Northern Ireland is in the midst of a historical inquiry into widespread physical and sexual abuse of children in both state and church run homes, reported to be the largest public investigation into institutional abuse.

The most recent sessions of the inquiry have centered on 130 children who were shipped to Australia between 1946 and 1956.

The inquiry, chaired by former judge Sir Anthony Hart, heard testimony on Tuesday at Banbridge Court House in County Down from a man, now in his 70s, who in 1953 was sent to Australia from the Catholic-run Termonbacca home in Co. Derry.

The man requested to remain anonymous before giving his testimony. According to The Guardian, tears streamed down his face as he recalled the abuse he and other orphans endured during the journey to Australia, including being painted black. 

He said that as a result of the abuse he experienced in Northern Ireland and then Australia, "I had no idea how to parent my children, or even how to cuddle and love them. I really don't know what love is."

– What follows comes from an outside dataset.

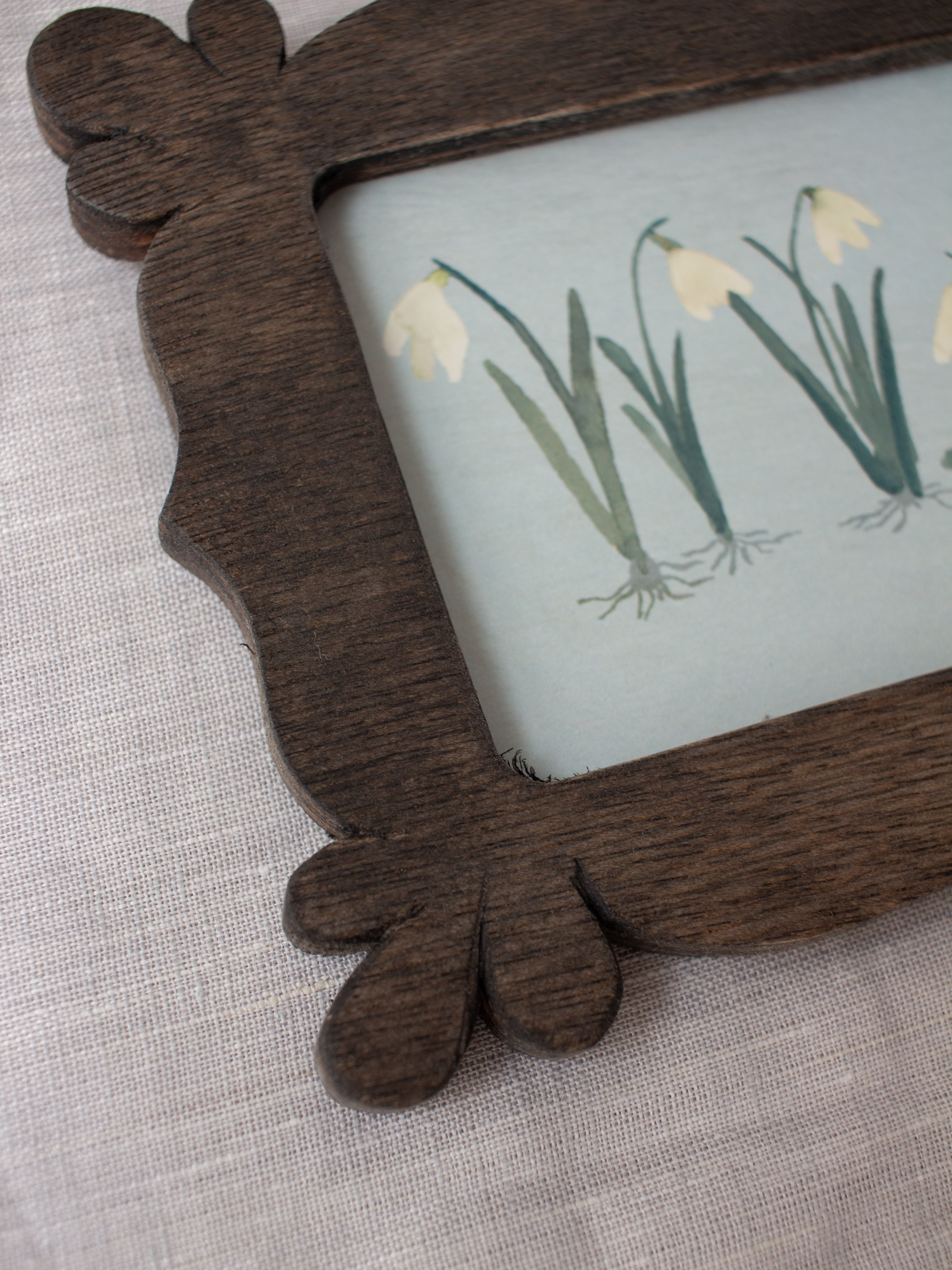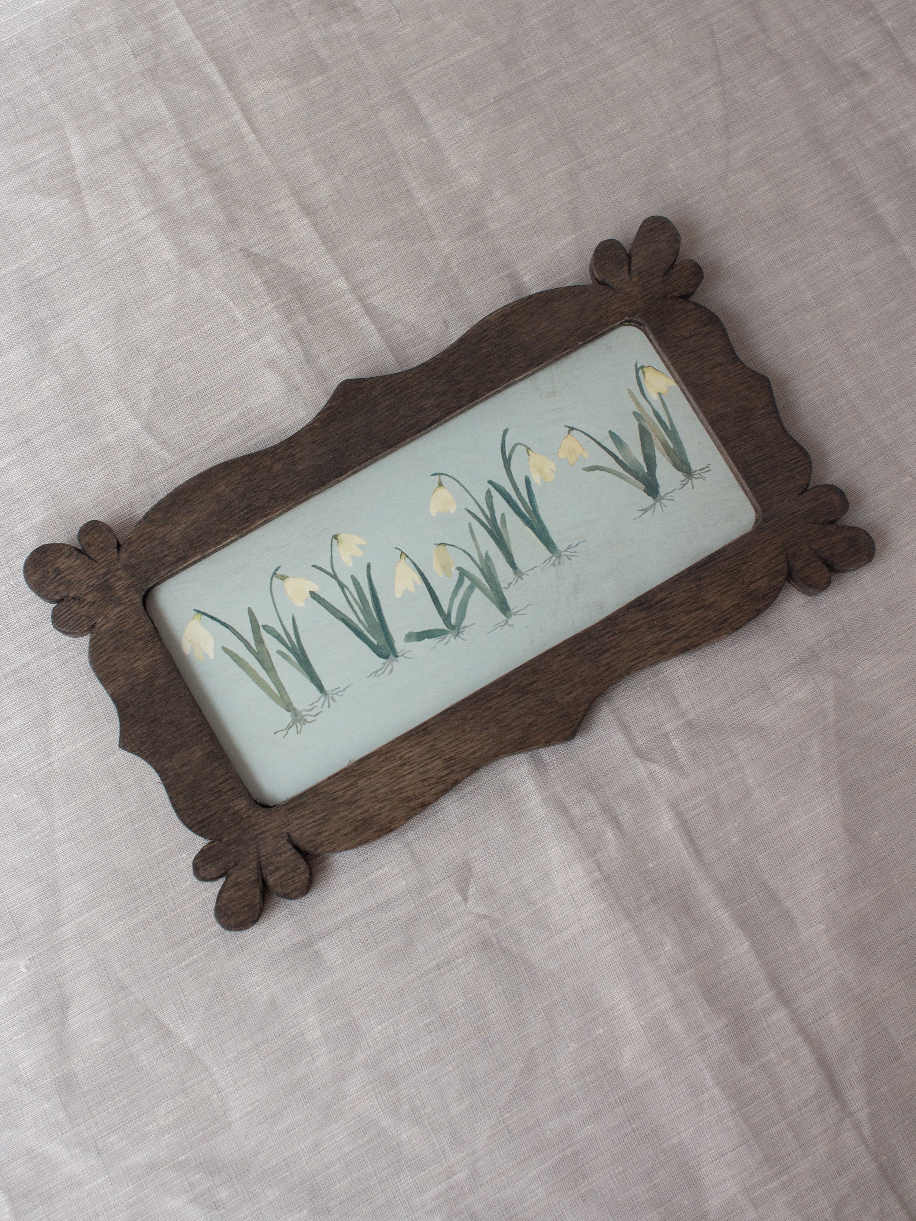 沖縄の四つの木工房のチーム「家具家」さんに作っていただいた額の展示販売会『額の市』より木工ヤマウチさんの合板で作った横長額。合板のビスケットの様な層と花びらの様な形が紙好きのみなさんにも愛されそうです。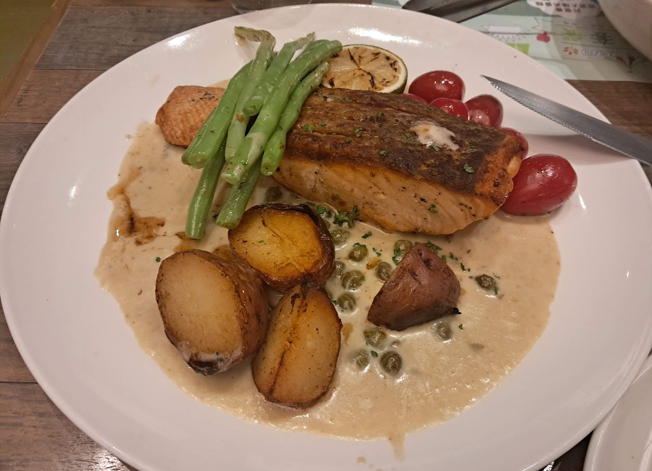 晚上八點用餐,開胃菜的松露薯條反而比披薩跟主餐更晚上桌,瑪格麗特披薩很好吃,盤中還有幾顆番茄,服務人員似乎沒有留意到,很快速就被收走了,主餐的部分就普普通通不另外闡述

Another victim, a veteran of the Australian Air Force, said that the abuse and conditions at the Bindoon home in Australia were even worse than what he experienced in Termonbacca.

"After Bindoon, Termonbacca turned out to be a holiday camp,” he said.

To date, 66 people who were shipped off to Australia during this dark decade in Northern Ireland’s history have given evidence and testimony.

The end-point remains uncertain, as the Northern Irish inquiry has no legal authority in Australia, but Hart has said that all evidence will be brought to the attention of a similar inquiry currently taking place in Australia.